━━━━━ ENTRIES PROVIDED

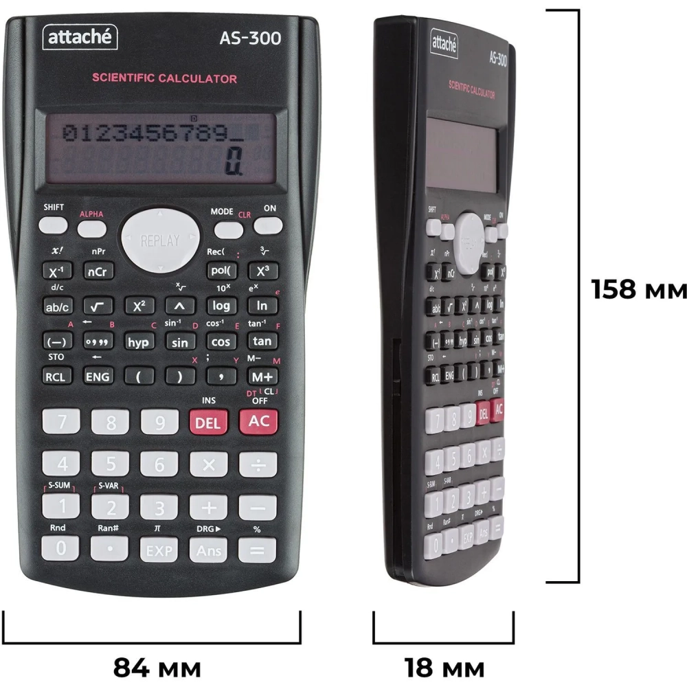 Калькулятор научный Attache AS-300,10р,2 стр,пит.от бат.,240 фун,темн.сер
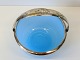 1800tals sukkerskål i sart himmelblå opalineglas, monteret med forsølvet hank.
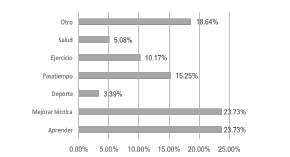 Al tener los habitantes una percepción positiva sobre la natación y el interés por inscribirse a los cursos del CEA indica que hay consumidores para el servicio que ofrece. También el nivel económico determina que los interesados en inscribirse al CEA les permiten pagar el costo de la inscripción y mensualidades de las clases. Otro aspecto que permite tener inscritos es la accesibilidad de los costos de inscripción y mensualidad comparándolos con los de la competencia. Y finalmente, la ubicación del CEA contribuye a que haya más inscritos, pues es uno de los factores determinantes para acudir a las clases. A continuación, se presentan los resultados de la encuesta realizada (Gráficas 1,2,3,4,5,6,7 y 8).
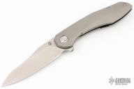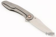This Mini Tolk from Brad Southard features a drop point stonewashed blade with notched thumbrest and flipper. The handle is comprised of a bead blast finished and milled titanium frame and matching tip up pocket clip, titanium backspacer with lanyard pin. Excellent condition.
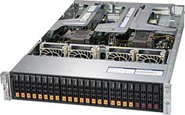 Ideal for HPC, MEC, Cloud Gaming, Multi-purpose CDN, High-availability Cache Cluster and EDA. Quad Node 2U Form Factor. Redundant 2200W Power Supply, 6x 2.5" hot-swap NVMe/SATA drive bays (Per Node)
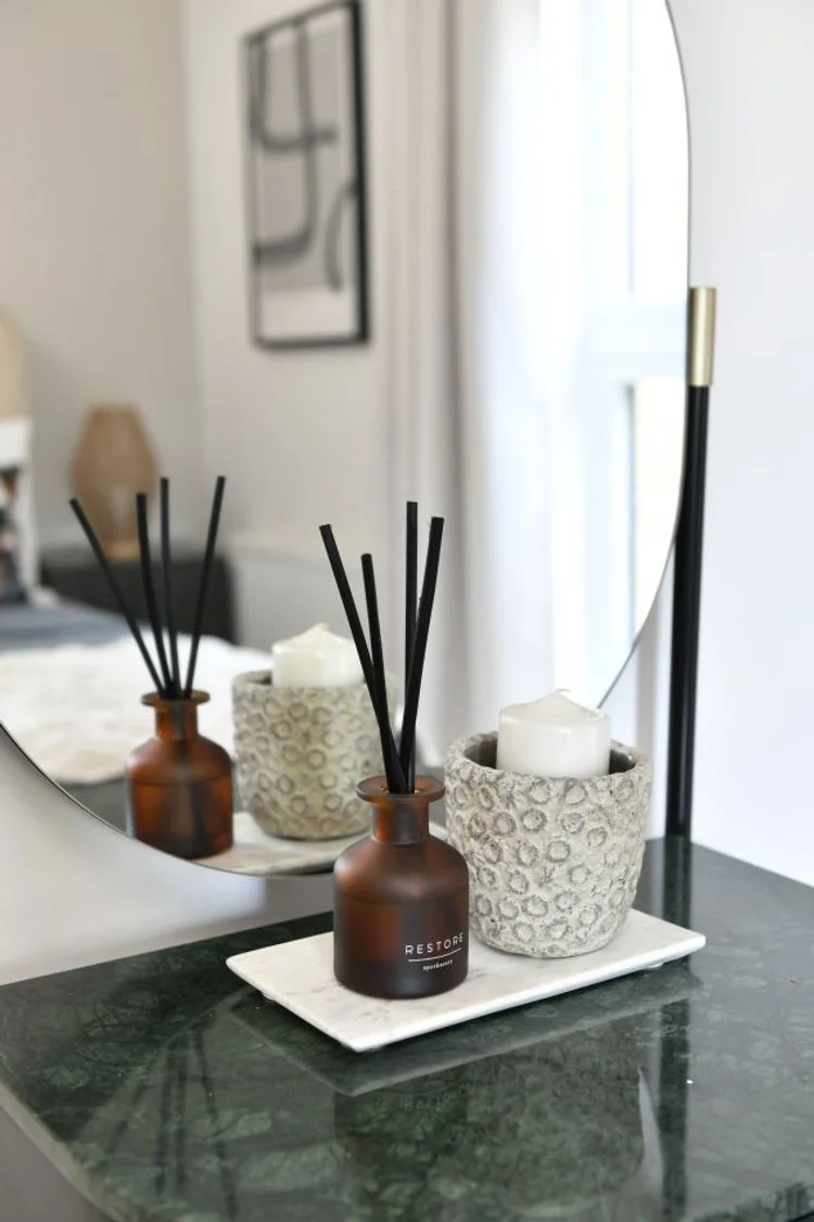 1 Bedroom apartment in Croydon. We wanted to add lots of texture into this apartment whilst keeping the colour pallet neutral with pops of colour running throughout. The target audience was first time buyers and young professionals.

━━━━━━━━━━

__EXERCISE DIRECTIONS__
In your output, repeat the listing above exactly and include none of the pictures.

__EXERCISE OUTPUT__
 Калькулятор научный Attache AS-300,10р,2 стр,пит.от бат.,240 фун,темн.сер
 1800tals sukkerskål i sart himmelblå opalineglas, monteret med forsølvet hank.
 Al tener los habitantes una percepción positiva sobre la natación y el interés por inscribirse a los cursos del CEA indica que hay consumidores para el servicio que ofrece. También el nivel económico determina que los interesados en inscribirse al CEA les permiten pagar el costo de la inscripción y mensualidades de las clases. Otro aspecto que permite tener inscritos es la accesibilidad de los costos de inscripción y mensualidad comparándolos con los de la competencia. Y finalmente, la ubicación del CEA contribuye a que haya más inscritos, pues es uno de los factores determinantes para acudir a las clases. A continuación, se presentan los resultados de la encuesta realizada (Gráficas 1,2,3,4,5,6,7 y 8).
This Mini Tolk from Brad Southard features a drop point stonewashed blade with notched thumbrest and flipper. The handle is comprised of a bead blast finished and milled titanium frame and matching tip up pocket clip, titanium backspacer with lanyard pin. Excellent condition.
 Ideal for HPC, MEC, Cloud Gaming, Multi-purpose CDN, High-availability Cache Cluster and EDA. Quad Node 2U Form Factor. Redundant 2200W Power Supply, 6x 2.5" hot-swap NVMe/SATA drive bays (Per Node)
 1 Bedroom apartment in Croydon. We wanted to add lots of texture into this apartment whilst keeping the colour pallet neutral with pops of colour running throughout. The target audience was first time buyers and young professionals.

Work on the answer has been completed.